# Bandsaw jig to quarter saw small logs



## Split (Aug 21, 2013)

Does anyone know how I might be able to quarter saw some small logs with a bandsaw?


----------



## Wildwood (Jul 22, 2012)

I tried doing a search here for band saw sleds and could not find any to post.

If you do an online search will see several example of them you can modify to fit your needs.


----------



## FatherHooligan (Mar 27, 2008)

Maybe http://lumberjocks.com/projects/97927

I tried 
Bandsaw resaw sleds :"lumberjocks.com"


----------



## jsf (Feb 21, 2014)

Not sure if this is what you are looking for or not but try this…

Log Mill

Jeff


----------



## Lumchuck (Feb 9, 2011)

Ive trying to find one too, I run across some spalted Maple in my wood pile now and again sure would like to figure a way to run some of that thru my 20 in bandsaw.

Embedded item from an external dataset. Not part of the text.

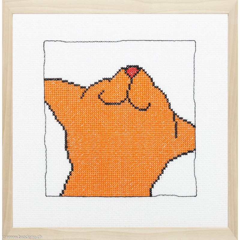 Pako, kit naissance Dikkie Dik, Jet Boeke le chat tête en haut (art. PA272.022). Dimensions: 20 x 20 cm. Trame: Aïda 5.5 pts/cm ivoire. Dans la même série PA272...et Dikkie Dik.

I was thinking of a long table that makes an infeed and outfeed extention, sort of wrap around the bed with a miter slot running the length. Then some kind of adjustable fence sled that would have a runner in the miter sled. Screw the log on the sleds fence run it thru, then move it over for the next cut. Maybe someone has done something like this and could get us on the right track.


----------



## Wildwood (Jul 22, 2012)

This article & plans for building a band saw sled one of the best around. You always adjust that plan & build one to meet your needs

http://www.americanwoodworker.com/userdocs/articles/200008/main/index.html

Can see several different styles on YouTube.


----------